Buy-now-pay-later (BNPL) services, like Afterpay, have surged in popularity in the last few years, particularly for younger Australians. Similar to old-school Laybuy, BNPL services allow you to purchase something today and pay it off in smaller increments over a set period of time.
Your payments are split up into even segments and, unlike a credit card, are not charged interest. This limits your chances of growing out of control debt. Spending caps are in place across BNPL services and can be anywhere from a few hundred dollars to tens of thousands. Missed payments generally incur a fee and vary for each BNPL service.
While it cannot be used everywhere unlike a credit card, you can generally find these BNPL services in a range of online or brick & mortar stores. These include for fashion, home goods, electronics, an appliance, as well as for health services like dentistry. Check a BNPL service’s store partnerships list on their website.
There are advantages and disadvantages to choosing BNPL services over a credit card.
Advantages of BNPL
The main benefit of BNPL services over credit cards is that they don’t charge interest on outstanding purchases. Staggered payment plans allow you to pay off your purchase over a period of weeks without growing the debt further – unless you miss a payment.
The application process for BNPL services is also generally as easy as downloading an app. There are no lengthy wait times for approval and no credit checks. They typically just require you to be over 18 and have a linked credit or debit card to your account.
Disadvantages of BNPL
BNPL services are limited in terms of what they can offer you compared to credit cards. They’re simply a financial tool designed to let you pay off items in smaller payment plans. If you’re looking for protections like insurance, or perks like rewards programs, you may want to stick to credit cards.

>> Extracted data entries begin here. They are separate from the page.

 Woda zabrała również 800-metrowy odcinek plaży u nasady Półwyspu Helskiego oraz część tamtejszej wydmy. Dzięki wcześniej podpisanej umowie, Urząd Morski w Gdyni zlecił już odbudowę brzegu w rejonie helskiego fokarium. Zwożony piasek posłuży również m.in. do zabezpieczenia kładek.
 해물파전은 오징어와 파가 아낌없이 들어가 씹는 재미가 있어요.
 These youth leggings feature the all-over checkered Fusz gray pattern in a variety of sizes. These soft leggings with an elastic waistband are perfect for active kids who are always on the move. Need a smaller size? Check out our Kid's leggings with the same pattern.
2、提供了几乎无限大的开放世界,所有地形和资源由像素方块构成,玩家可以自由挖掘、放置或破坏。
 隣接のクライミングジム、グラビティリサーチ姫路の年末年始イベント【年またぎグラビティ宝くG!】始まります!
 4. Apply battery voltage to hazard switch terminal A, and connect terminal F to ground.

If you are considering applying for a credit card, make sure you read the product disclosure statement (PDS) before you apply so you are aware of all the terms and conditions attached to the card.
Here’s a quick checklist of what you should consider before taking the leap:
What is the interest rate?
Check whether the credit card has an introductory “honeymoon” interest rate as a promotional offer, and what rate the card will revert to once it ends.

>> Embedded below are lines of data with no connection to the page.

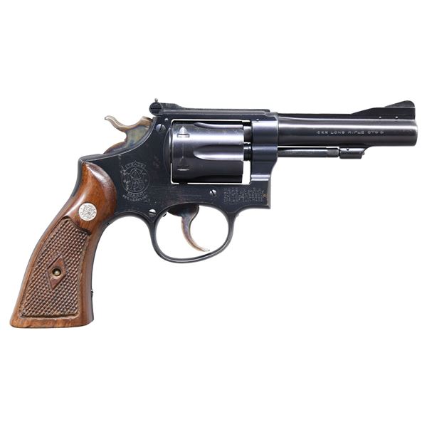 Cal. 22 LR. S# K201727. Bbl. 4" pinned. Ramped serrated blade front sight. Adjustable square notch rear sight. Matching numbers on frame, bbl., cyl., extractor & right grip panel. 1953 made five-screw K22 Masterpiece revolver. Blued finish with case colored hammer & trigger. Checkered walnut grips with diamond center & silver S&W medallions. UNATTACHED ACCESSORIES: unnumbered 22 Combat Masterpiece box with manual. CONDITION: grips show a tiny chip at front of right panel, some worn finish & handling marks. Trigger & hammer retain most of their case colors with some oxidation specks & operational wear. Balance of metal retains 85-90% original blue with scattered light oxidation, edge wear, fading & edge wear. Action functions properly when hand cycled. Bright near excellent bore. PROVENANCE: From the Lifelong Collection of George Staden S&W Member #3451. (25-75/MJC). CURIO. $700-1100.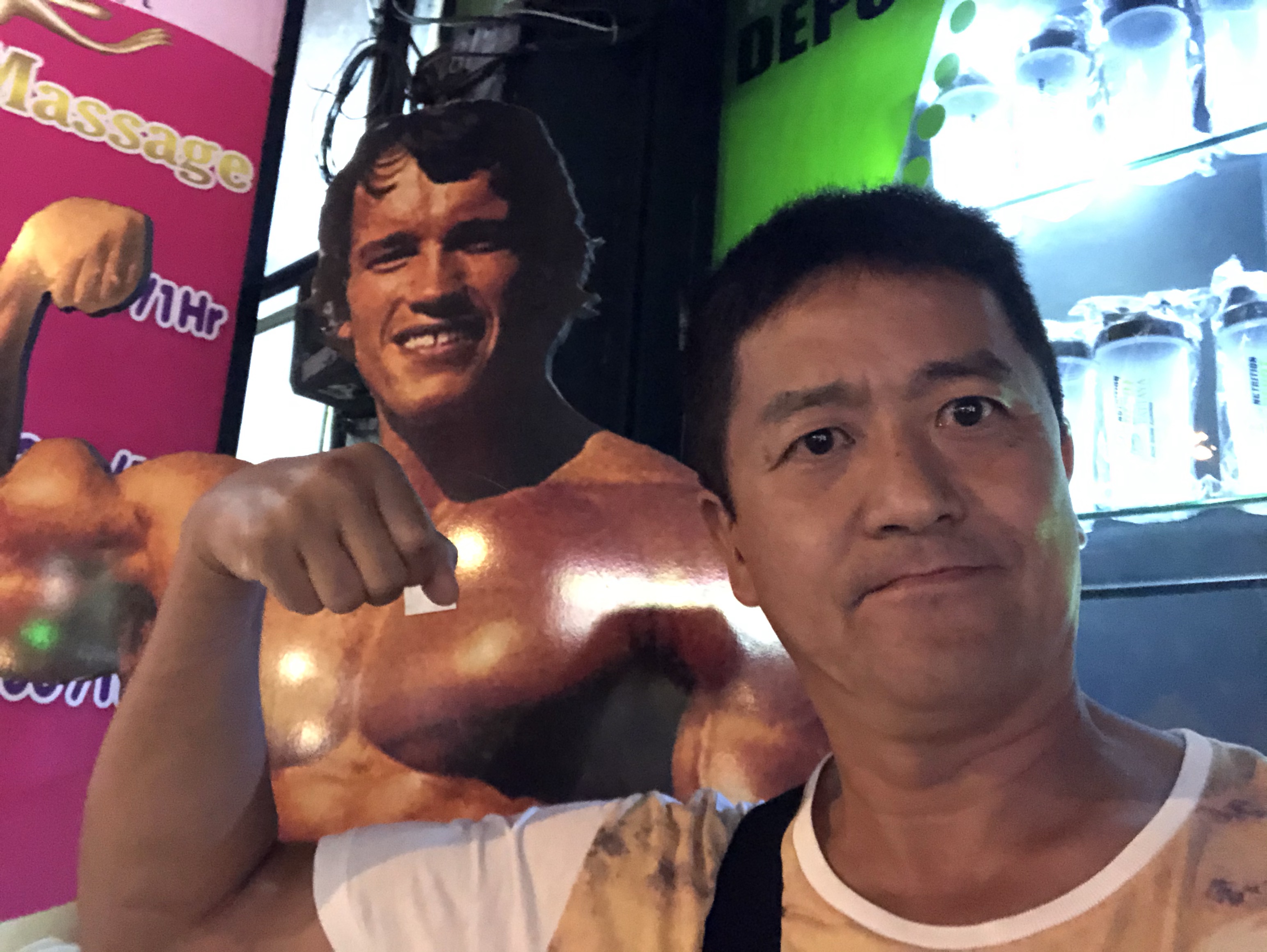 さっぱりして歩いているとアーノルドと出会い2ショット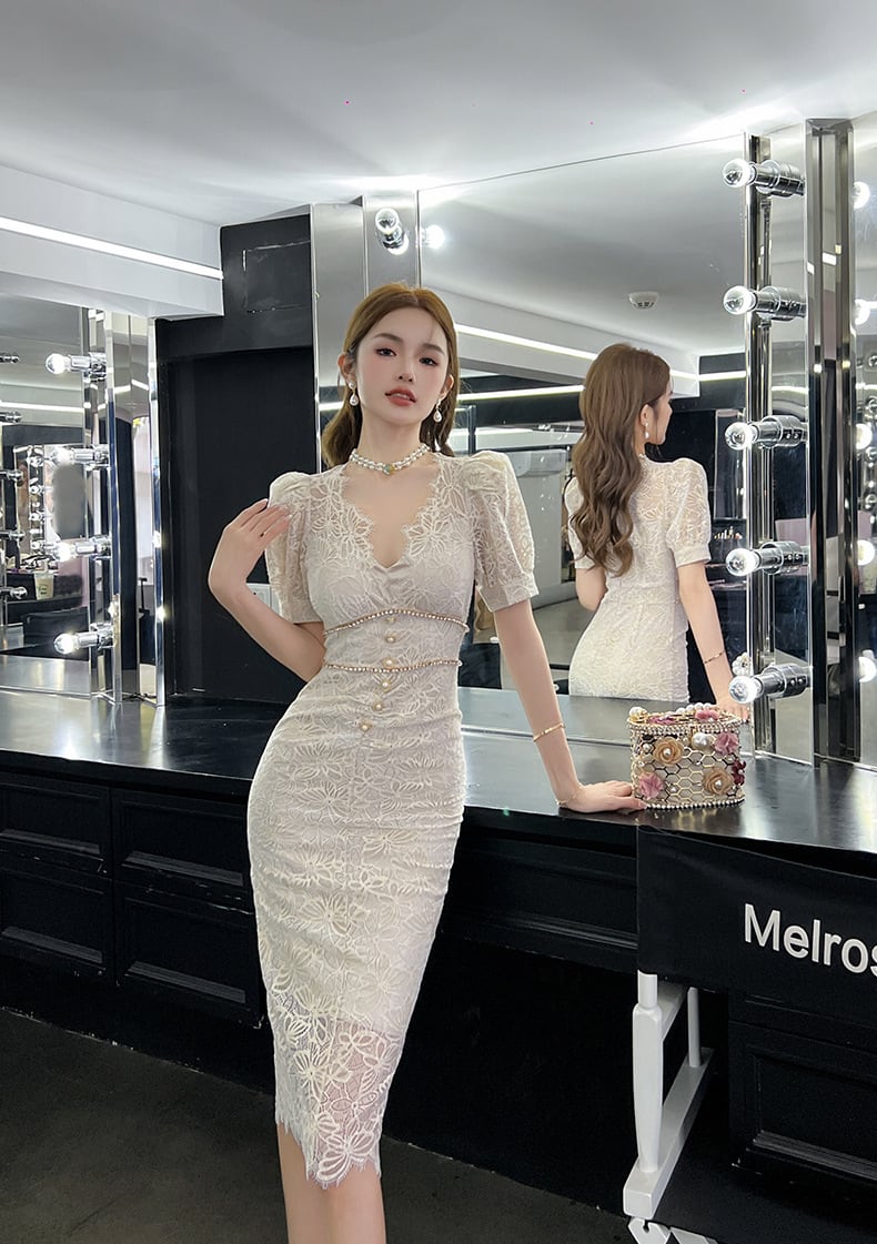 繊細なフラワーレースが目を惹く、クラシカルなペンシルシルエットドレス。

If you’re planning to transfer the balance from your current credit card, check the new card’s balance transfer rate.
Is there an annual fee? How much is it?
Credit cards that offer additional benefits such as rewards and bonuses are more likely to charge higher annual fees.
What other fees does the card charge?
One way to estimate the approximate value of a credit card is to add up the annual cost of any fees it charges and compare these to the value offered by any benefits it provides, such as rewards you can realistically expect to redeem by using the card.

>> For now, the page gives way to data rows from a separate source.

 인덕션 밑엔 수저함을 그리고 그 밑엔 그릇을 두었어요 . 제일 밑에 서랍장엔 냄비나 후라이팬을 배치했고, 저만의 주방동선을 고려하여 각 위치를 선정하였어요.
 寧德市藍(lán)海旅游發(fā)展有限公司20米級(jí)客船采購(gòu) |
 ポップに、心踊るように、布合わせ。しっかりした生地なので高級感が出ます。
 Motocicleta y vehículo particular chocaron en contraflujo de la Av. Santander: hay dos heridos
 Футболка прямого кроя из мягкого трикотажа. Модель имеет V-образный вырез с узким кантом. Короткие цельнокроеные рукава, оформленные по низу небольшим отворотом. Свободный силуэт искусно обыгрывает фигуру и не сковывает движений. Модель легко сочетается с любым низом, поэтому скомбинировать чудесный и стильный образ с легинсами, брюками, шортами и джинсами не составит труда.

If it looks like you'd likely pay more in credit card fees and charges than you'd receive in benefits over a year, it may be worth comparing some alternatives.
What credit limit would you be comfortable with?
Consider choosing a limit you could afford to pay off in full, reducing the risk of getting into financial trouble. Just because a huge credit limit sounds appealing, doesn’t necessarily mean you can afford it.
What type of card will suit you best?
Most banks and financial institutions offer credit cards from MasterCard or Visa, which provide similar benefits. American Express cards are offered by a smaller number of banks and lenders, as well as directly from American Express.
What level of card will suit you best?
Consider how you plan to use your credit card, and whether a low-interest card, rewards card, platinum card etc. will likely to suit your personal finances.